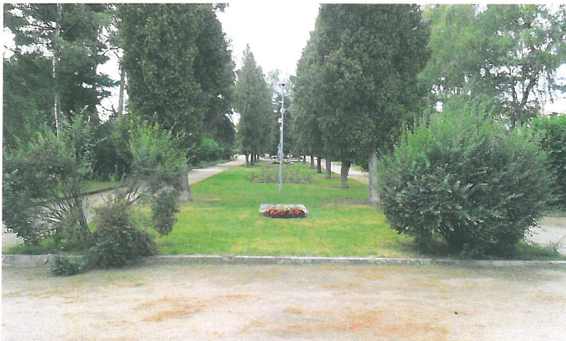
Obrázek 1 Park
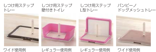
ワイド使用例 レギュラー使用例 レギュラー使用例 ワイド使用例
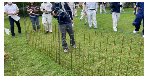
(写真)ワイヤーメッシュ電気複合柵
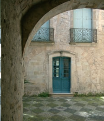
Le remarquable pavage de galets (calade) est caractéristique des Hôtels du XVII e siècle du nord de l'Hérault
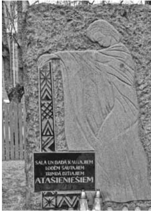
Šogad apritēs 80 gadi kopš pirmās masu depor-

tācijas, kad 1941. gadā padomju režīms izsūtīja vairāk nekā 15 tūkstošus Latvijas pilsoņu. Atceroties šo noziegumu, 14. jūnijā vienlaikus visā valstī, arī Krustpils novada pašvaldībā – Atašienes pagastā pie baznīcas, lasīs izsūtīto iedzīvotāju vārdus.
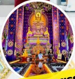
วัดสวายอยุธยา
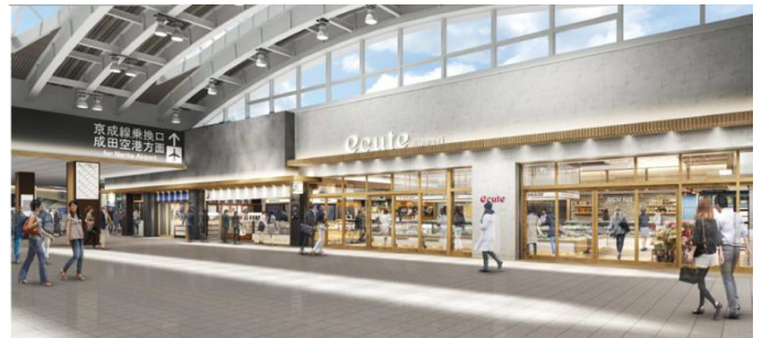
改札内コンコースおよび店舗内観イメージ
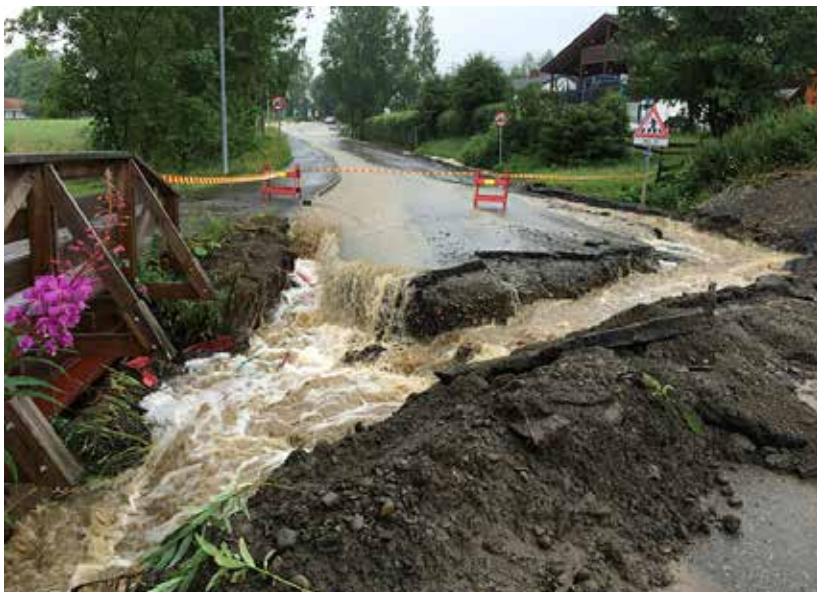
Så galt kan det gå.

I følge analysen vil det koste rundt 85 milliarder kroner dersom bygg som er utsatt for skred i bratt terreng, flom, erosjon og kvikkleireskred skal sikres. Av dette utgjør ca. 45 prosent kostnader for sikring mot flom og
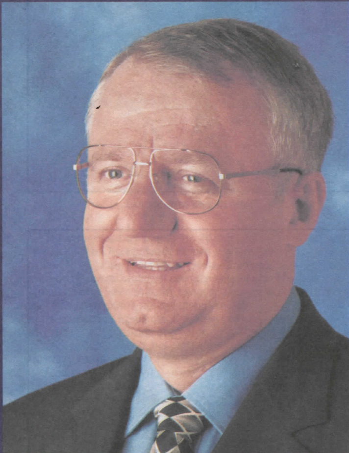
др ВОЈИСЛАВ ШЕШЕЉ ПРЕДСЕДНИК СРПСКЕ РАДИКАЛНЕ СТРАНКЕ
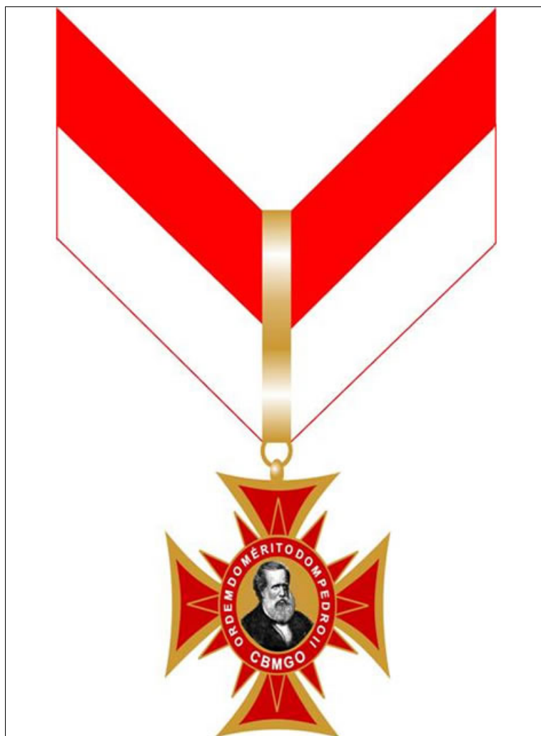
MEDALHA GRANDE-OFICIAL – VERSO
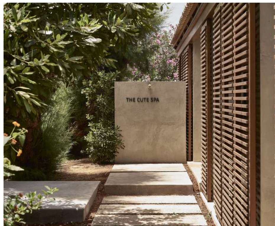
The Cute Spa

Продолжите уход дома с помощью Body Scrub with Cretan Herbs
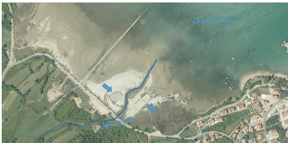
Slika 3 – Zapadni dio uvale Soline, Meline s ostacima solana (strelice) na ušću Velog potok

Drugi dio istraživanja posvećen je uvali Sv. Petar unutar uvale Soline. Već ranije je kolegica Lipovac Vrkljan utvrdila postojanje ostataka keramičarke djelatnosti iz antičkog doba i pretpostavila postojanje lučkih objekata (Lipovac Vrkljan, Starac 2007). Na snimkama smo utvrdili četiri ostatka pristaništa (Sl. 4) koji su danas pod vodom (zbog podizanja razine mora od antičkog vremena za 1,5-2m). U blizini uvale Sv. Petar prema sjeveru nalazi se Jezero vjerojatno veća lokva. Zanimljivo je jer lokve obično nastaju na mjestu gdje se taloži glina koja onda zbog nepropusnosti zadržava kišnicu čineći lokvu/Jezero (Sl. 4). Zbog svoje veličine mogla je služiti kao izvorište gline za keramičarsku proizvodnju.
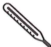
Fièvre > 38°C
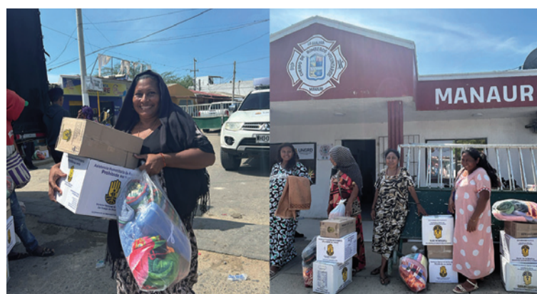
Las ayudas incluyen kits de alimentos y elementos de aseo y cocina para velar por la higiene y la salud.

Estas entregas de Asistencia Humanitaria se realizan en atención al Decreto de Calamidad Pública de Desastre Nacional 1372 del 13 de noviembre del 2024.
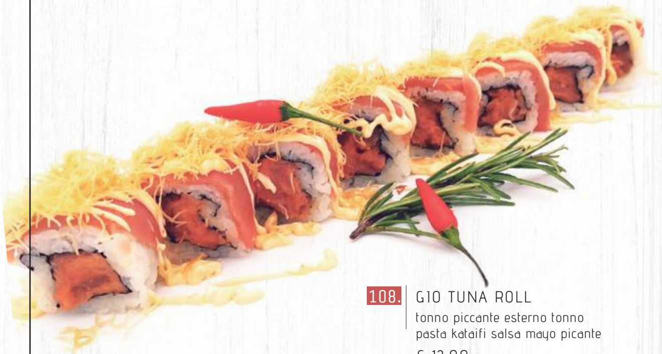
108. GIO TUNA ROLL tonno piccante esterno tonno pasta kataifi salsa mayo piccante € 12,00
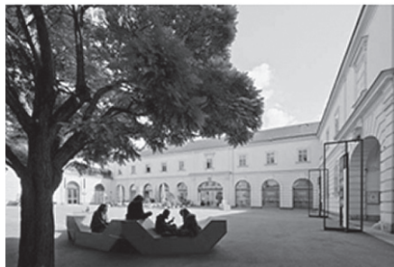
Fig. 1-5: Courtesy Az W Press, Ines Purtauf / Irene Jaeger, ARCHITEKTURZENTRUM WIEN / Courtesy Az W Press, Ines Purtauf / Irene Jaeger, ARCHITEKTURZENTRUM WIEN
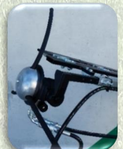
Convogliatore di tralci con regolatore di giri
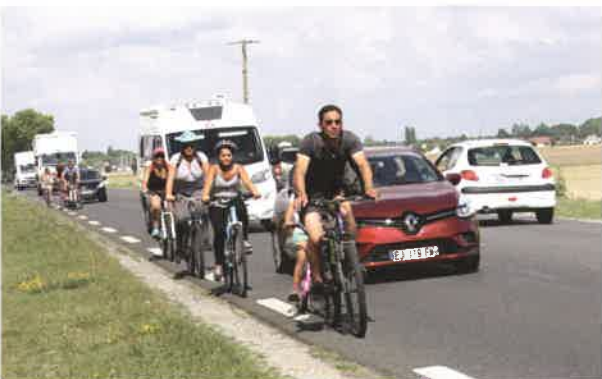
La RD 2152, très dangereuse pour les cyclistes.

un animal (abolements...). La démarche amiable auprès des voisins est toujours conseillée avant d'arriver à un signalement à la mairie ou à la gendarmerie. Une plainte est toujours possible. Il faut alors démontrer la réalité du préjudice et réunir un maximum de preuves : courriers échangés, témoignages, pétition, constat d'huissier, procès-verbal.

========================================

— Problem —
Look above for the line with "др ВОЈИСЛАВ ШЕШЕЉ" and the line with "Slika 3 – Zapadni", then restate exactly those two lines and all lines between them, with no pictures.

— Task result —
др ВОЈИСЛАВ ШЕШЕЉ ПРЕДСЕДНИК СРПСКЕ РАДИКАЛНЕ СТРАНКЕ
MEDALHA GRANDE-OFICIAL – VERSO
The Cute Spa

Продолжите уход дома с помощью Body Scrub with Cretan Herbs
Slika 3 – Zapadni dio uvale Soline, Meline s ostacima solana (strelice) na ušću Velog potok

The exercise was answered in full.